Segment Start: COLLECTED MATERIAL
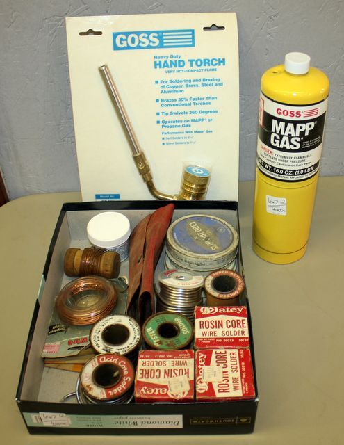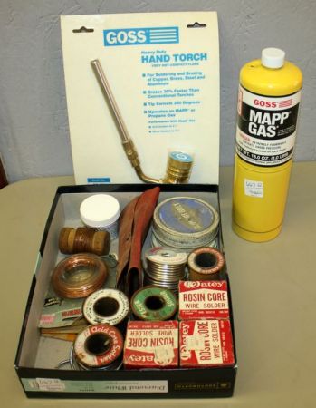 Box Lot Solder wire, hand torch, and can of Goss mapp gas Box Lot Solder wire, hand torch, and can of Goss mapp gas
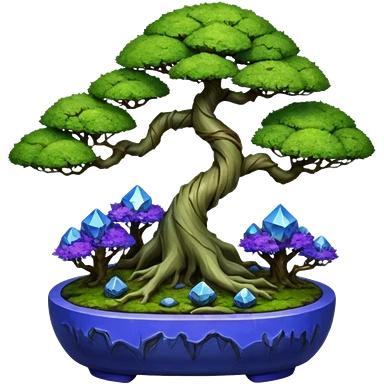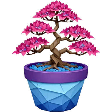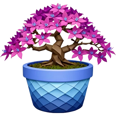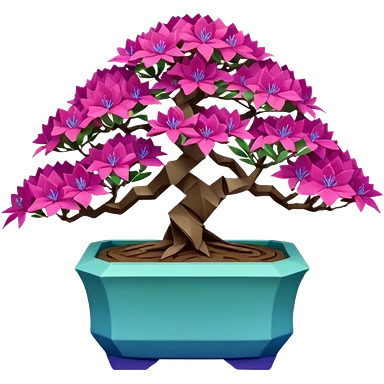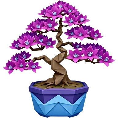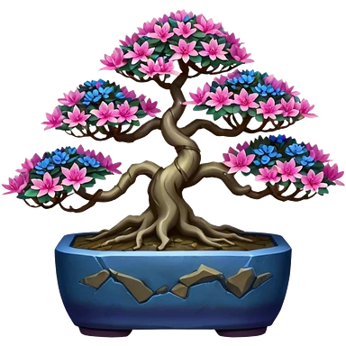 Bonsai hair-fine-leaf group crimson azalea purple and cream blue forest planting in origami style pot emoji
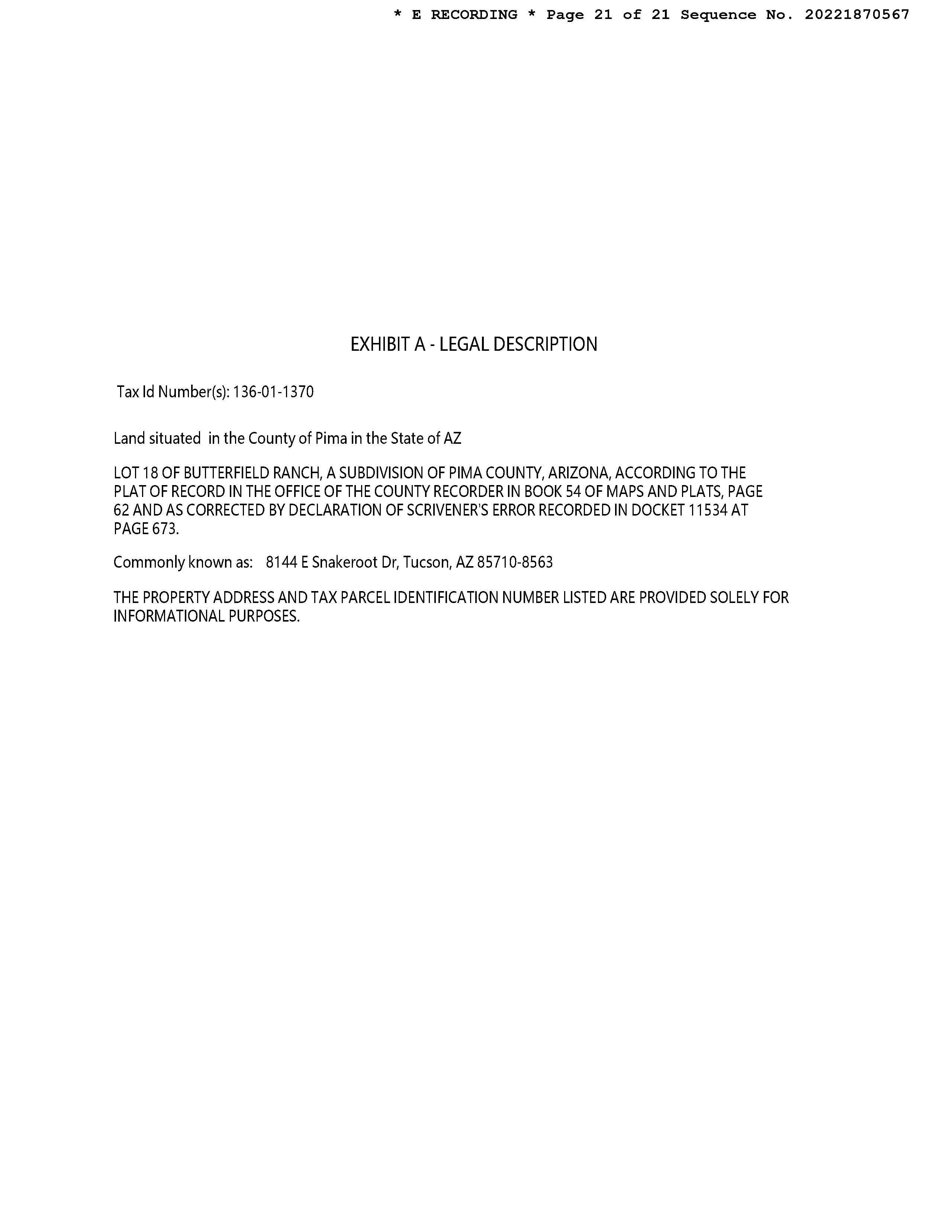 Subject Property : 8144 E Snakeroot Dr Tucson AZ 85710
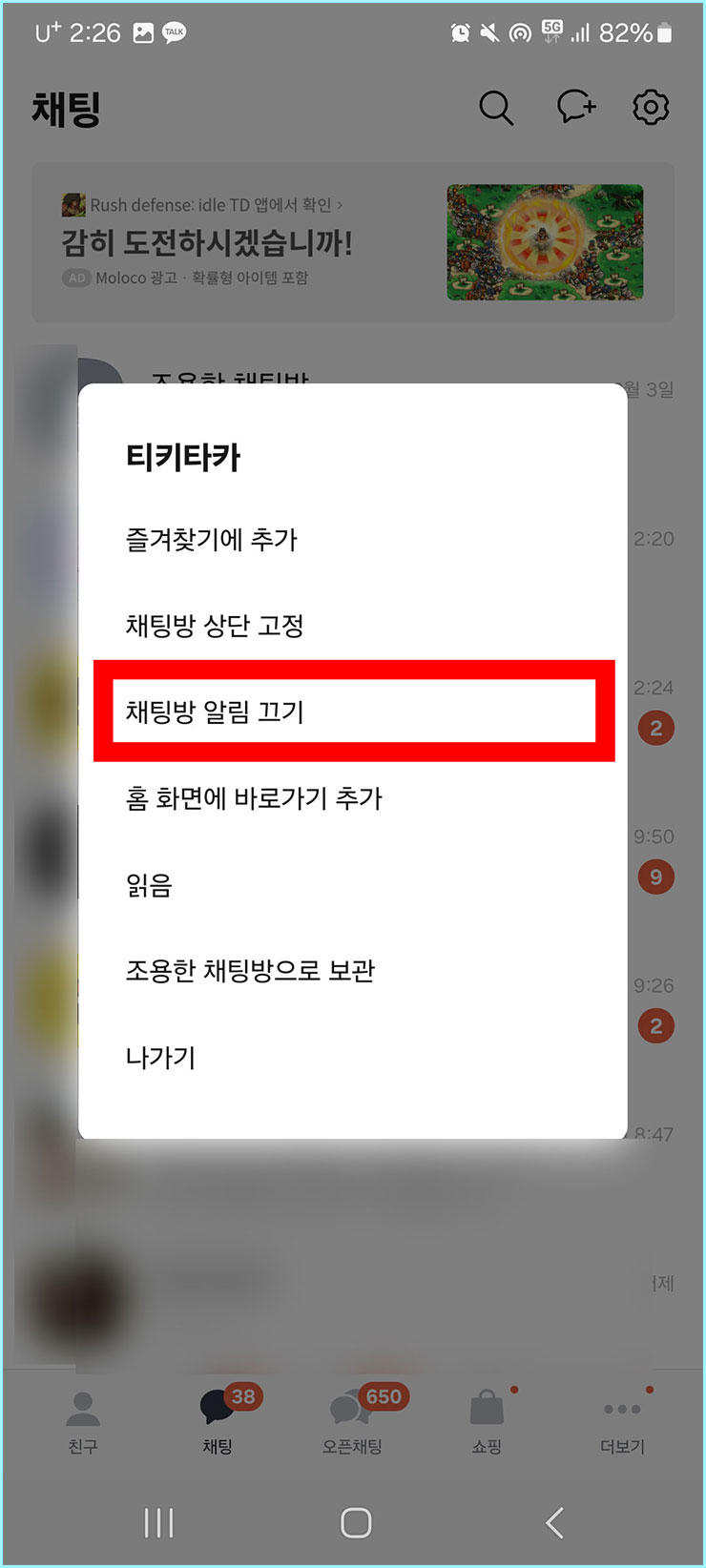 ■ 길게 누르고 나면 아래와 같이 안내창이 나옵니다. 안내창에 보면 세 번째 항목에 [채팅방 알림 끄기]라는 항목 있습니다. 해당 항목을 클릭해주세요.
Segment End: COLLECTED MATERIAL
▶ TASK DESCRIPTION
Starting at the first line of the data, set down each line exactly until you have copied the line with "Subject Property : 8144", but leave the pictures out.

▶ YOUR RESPONSE
 Box Lot Solder wire, hand torch, and can of Goss mapp gas Box Lot Solder wire, hand torch, and can of Goss mapp gas
 Bonsai hair-fine-leaf group crimson azalea purple and cream blue forest planting in origami style pot emoji
 Subject Property : 8144 E Snakeroot Dr Tucson AZ 85710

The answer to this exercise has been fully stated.